Потеряв интерес к алавийкам, я склонился над погруженным в магический сон Хеенсом. Рассматривая его посиневшие ладони, я отметил, что они распухли словно надутые резиновые перчатки. Вокруг переломанных пальцев налились плотные гематомы, доходящие почти до запястий. Признаться, выглядело очень скверно. Как бы заражение какое не началось из-за этого.
— Насшафа, взгляни на руки моего особого гостя. Это не убьет его?
— Пока нельзя сказать, Риз-з, — возникла рядом со мной абиссалийка. — Я внимательно слежу за его состоянием. Надежда сохранить ублюдку все конечности еще ес-с-сть.
— А зачем? — невозмутимо поглядел я на собеседницу.

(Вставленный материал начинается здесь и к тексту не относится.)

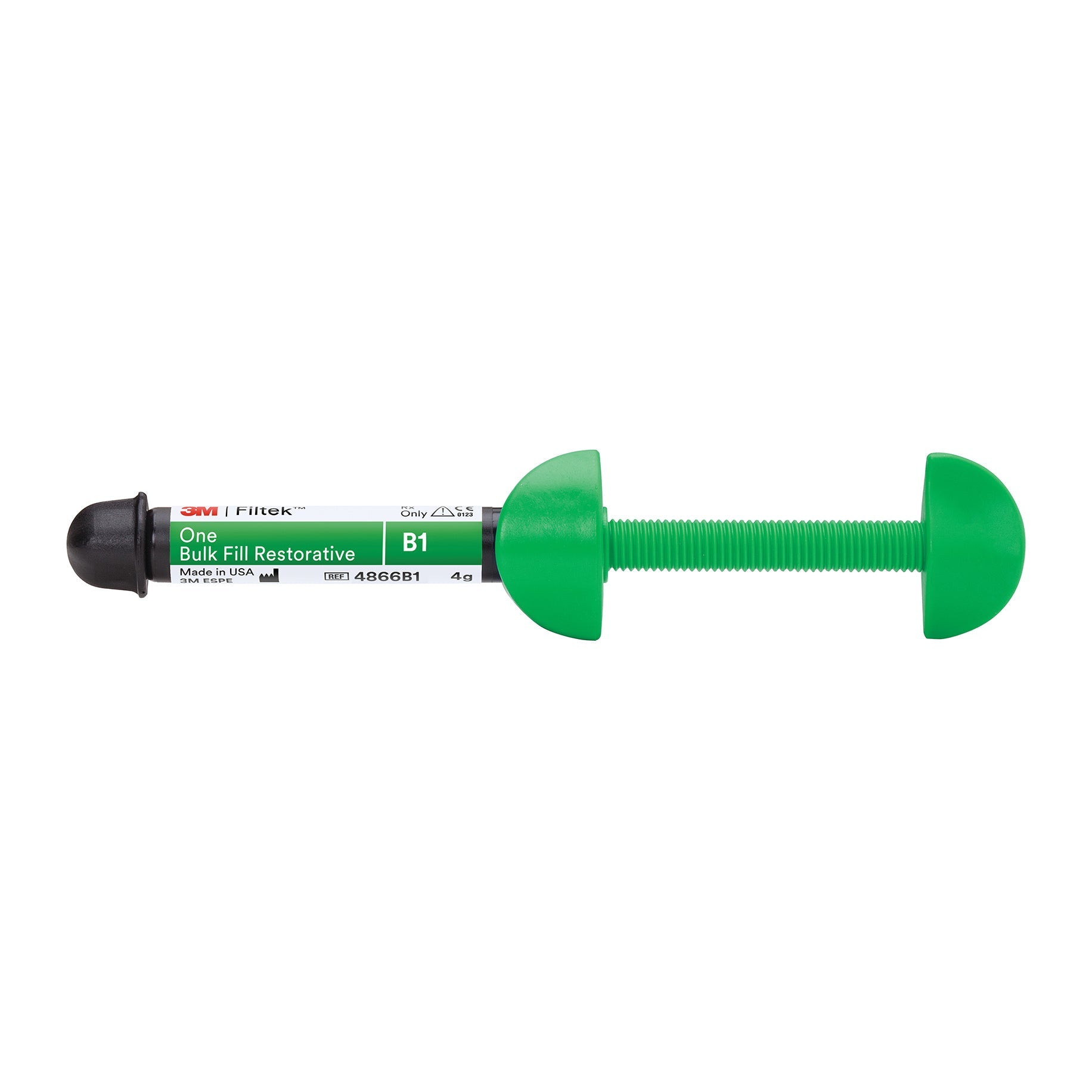 Designed for posterior restorations, the unique optical properties and improved opacity of 3M™ Filtek™ One Bulk Fill Restorative o?er the simplicity of one-step, bulk ?ll composite placement — up to 5mm — without compromising aesthetics. This posterior resin composite increases restoration e?ciency and reduces stress. 3M’s TRUE nanotechnology provides exceptional polish retention for impressive results that are made to last. Fast and easy one-step, bulk ?ll composite placement up to 5mm — no capping layer needed Increased opacity for improved aesthetics Innovative monomers reduce shrinkage and shrinkage stress to enable up to 5mm depth of cure Excellent adaptation, handling and sculptability 3M’s TRUE nano?ller technology provides superior wear resistance and excellent polish retention Capsules can be safely warmed up to 70°C for up to one hour Available in capsule or syringe delivery in 5 shades: A1, A2, A3, B1, C2 Indications:- Direct anterior and posterior restorations (including occlusal surfaces) Base/liner under direct restorations Core build-ups Splinting Indirect restorations, including inlays, onlays and veneers 4866B1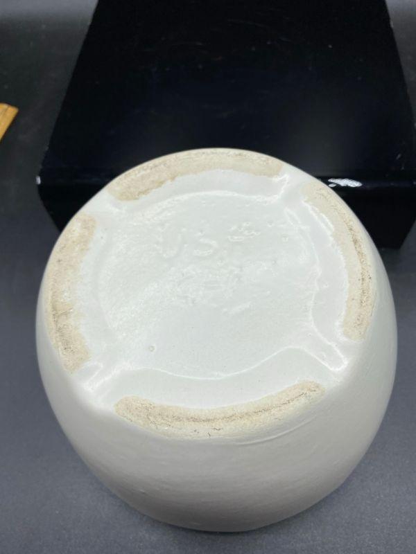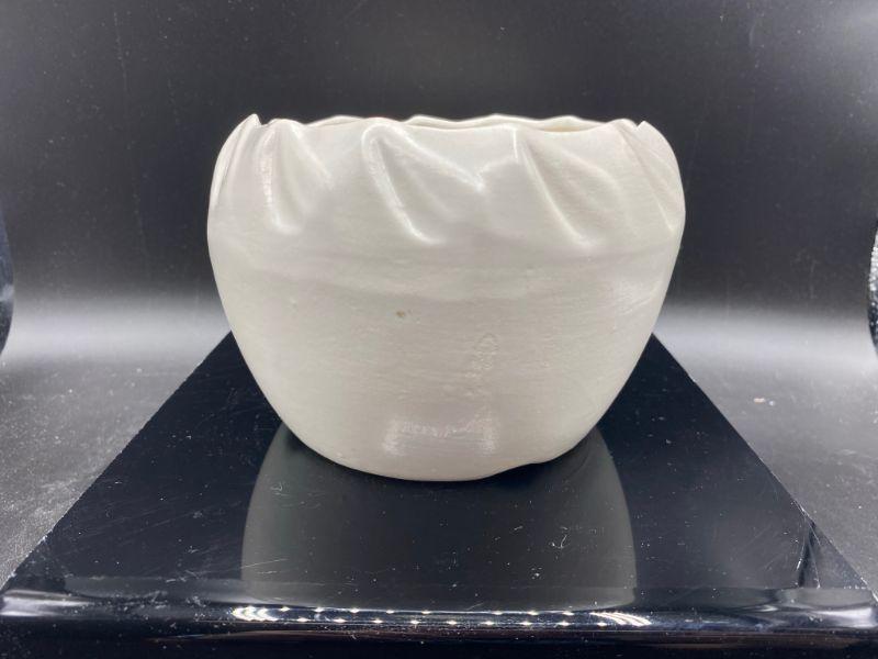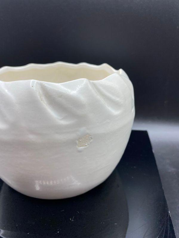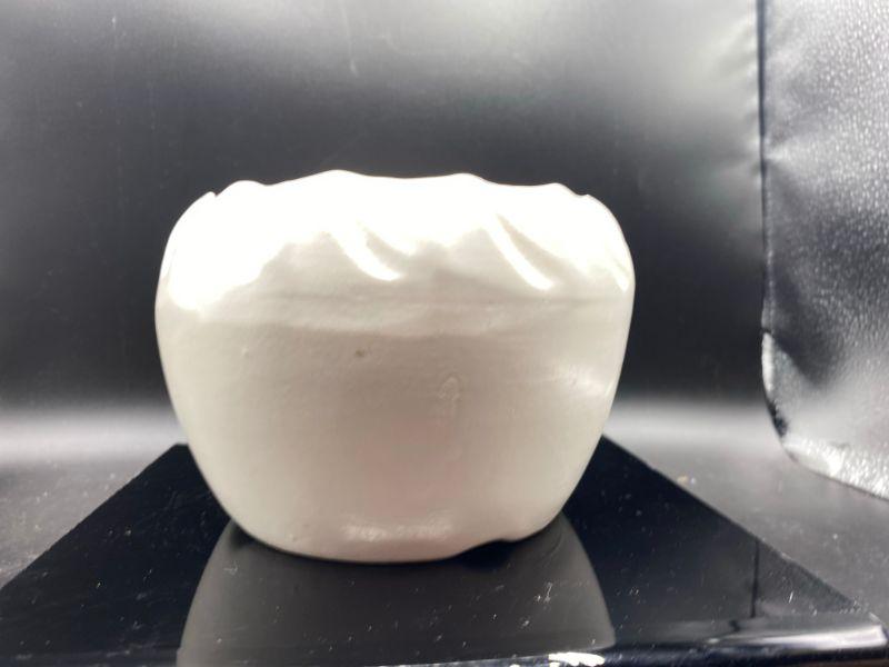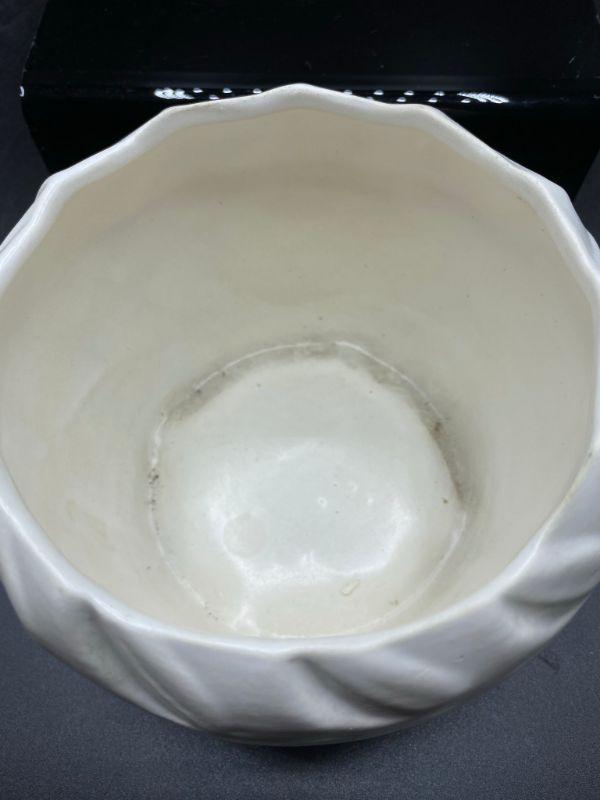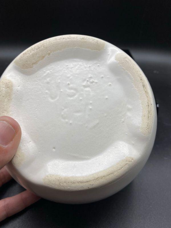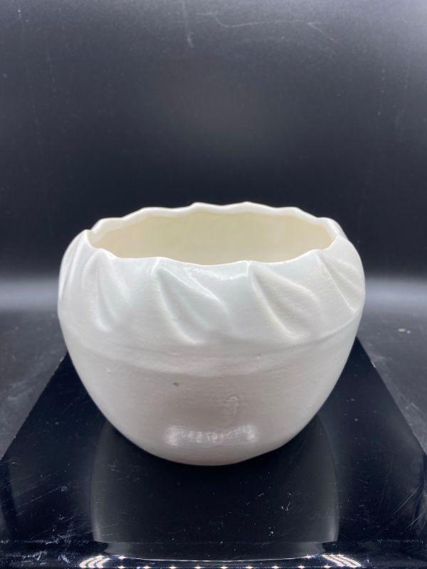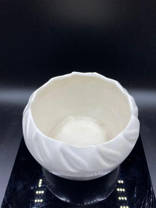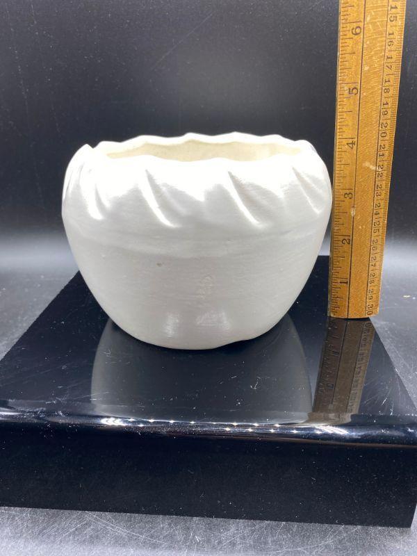 Vintage USA white pottery planter. Has a subtle leaf pattern embossed around the top. Satin finish. Good condition, small flaw in the glaze. Stands about 4" tall.

— Как? Он же алавиец! Оч-ч-чень ценный экземпляр…
— Мы же не в улье, к чему нам рисковать его жизнью? Я не планирую обращать Хеенса в шаксатора.
— Что же ты предлагаешь, Риз-з?
— Ампутацию, — коротко ответил я.
— Воля твоя, мой шаас, — равнодушно пожала плечами красноглазая.
Похоже, Насшафа восприняла мои слова как призыв к немедленному действию. Она взялась раскладывать свою внушительную коллекцию ножей и протирать лезвия какими-то жидкостями. Меньше чем через минуту кьерр уже стояла наготове с широким тесаком, склоняясь над пленником.
— Подожди, еще один маленький штрих, — остановил я её.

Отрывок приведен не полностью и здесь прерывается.